Use of the Electronic Health Record to Target Patients for Non-endoscopic Barrett's Esophagus Screening

Dig Dis Sci. 2019 Dec;64(12):3463-3470. doi: 10.1007/s10620-019-05707-2. Epub 2019 Jul 4.

Abstract

Background: Clinical prediction models targeting patients for Barrett's esophagus (BE) screening include data obtained by interview, questionnaire, and body measurements. A tool based on electronic health records (EHR) data could reduce cost and enhance usability, particularly if combined with non-endoscopic BE screening methods.

Aims: To determine whether EHR-based data can identify BE patients.

Methods: We performed a retrospective review of patients ages 50-75 who underwent a first-time esophagogastroduodenoscopy. Data extracted from the EHR included demographics and BE risk factors. Endoscopy and pathology reports were reviewed for histologically confirmed BE. Screening criteria modified from clinical guidelines were assessed for association with BE. Subsequently, a score based on multivariate logistic regression was developed and assessed for its ability to identify BE subjects.

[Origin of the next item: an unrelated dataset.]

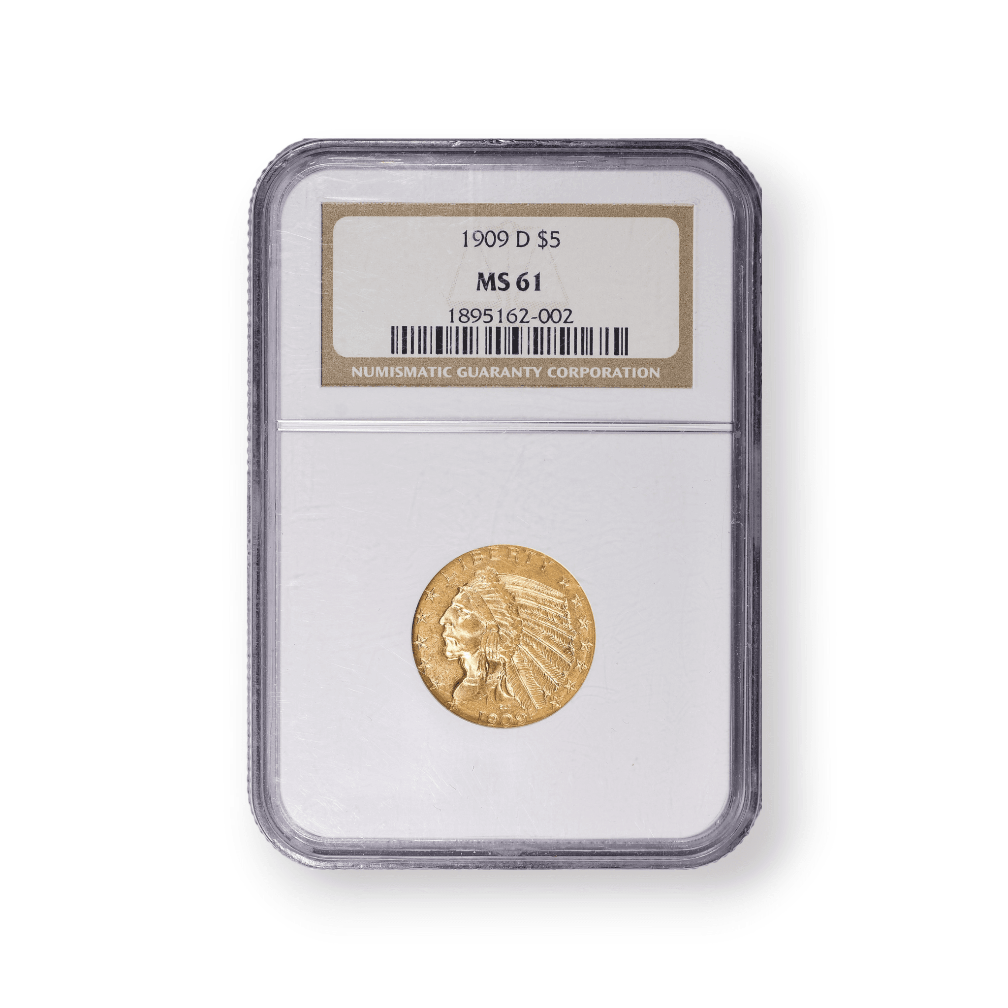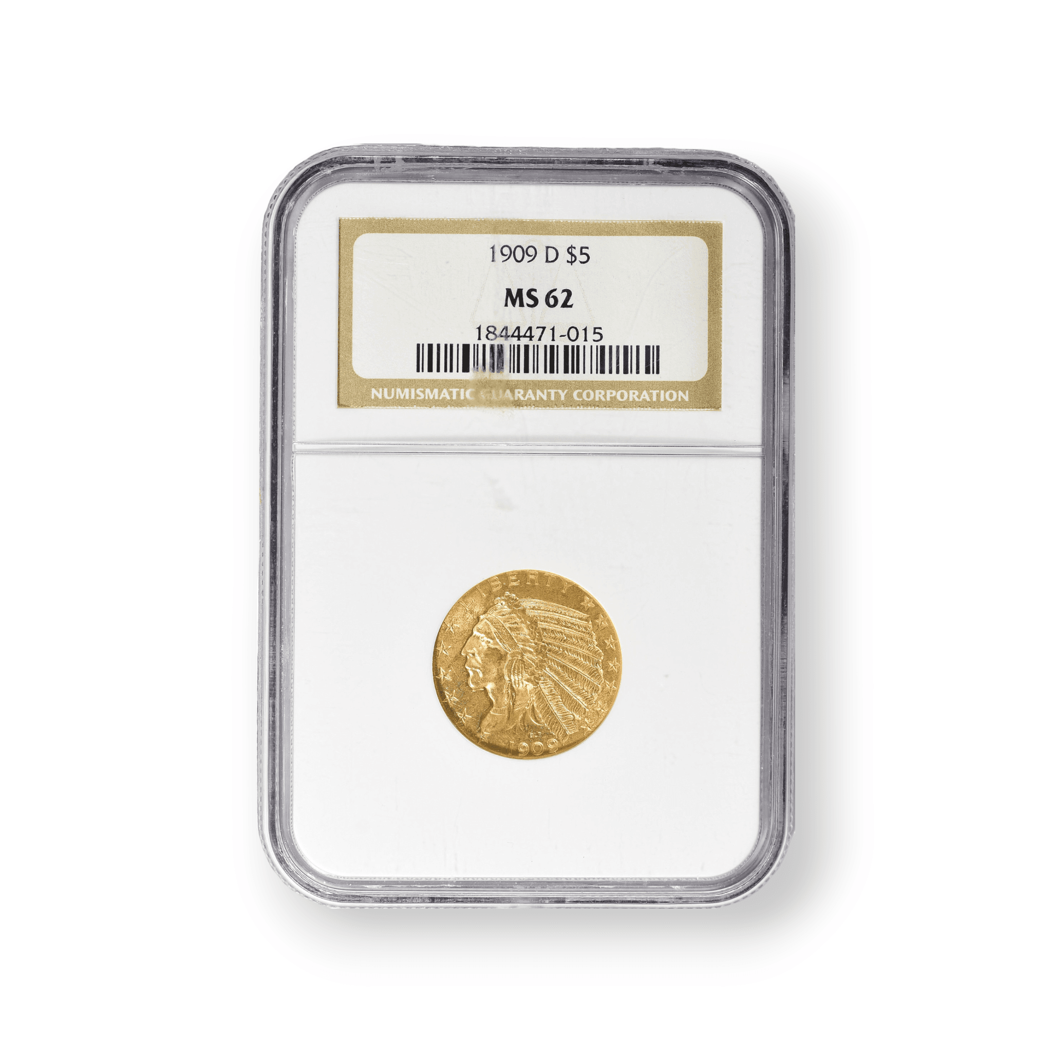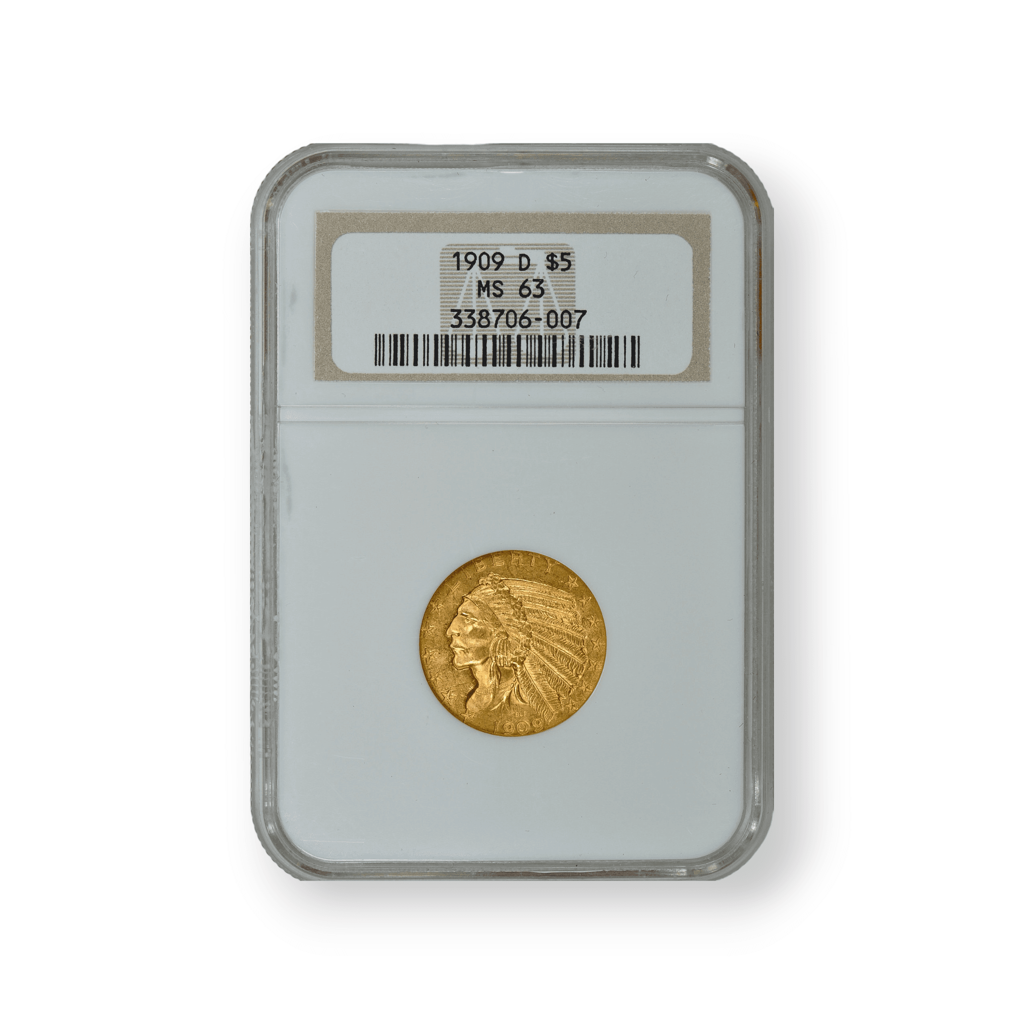 A $5 Indian Gold Half Eagle coin with an NGC Generic Date attribution is a noteworthy and historic piece of American numismatic heritage. Typically containing 0.24187 troy ounces of pure gold, these coins showcase a unique and intricate design with a Native American chief in headdress on the obverse and a perched bald eagle on the reverse. Highly valued by collectors and investors for their intrinsic gold value and historical significance, the "Generic Date" label signifies that they are categorized based on their gold content and design rather than a specific year of minting. This provides a convenient option for those interested in acquiring these iconic gold coins with the assurance of an NGC grading.

Results: A total of 2931 patients were assessed, and BE was found in 1.9%. Subjects who met screening criteria were more likely to have BE (3.3% vs. 1.1%, p = 0.001), and the criteria predicted BE with an AUROC of 0.65 (95% CI 0.59-0.71). A score based on logistic regression modeling included gastroesophageal reflux disease, sex, body mass index, and ever-smoker status and identified BE subjects with an AUROC of 0.71 (95% CI 0.64-0.77). Both prediction tools produced higher AUROCs in women than in men.

Conclusions: EHR-based BE risk prediction tools identify BE patients with fair accuracy. While these tools may improve the efficiency of patient targeting for BE screening in the primary care setting, challenges remain to identify high-risk patients for non-invasive BE screening in clinical practice.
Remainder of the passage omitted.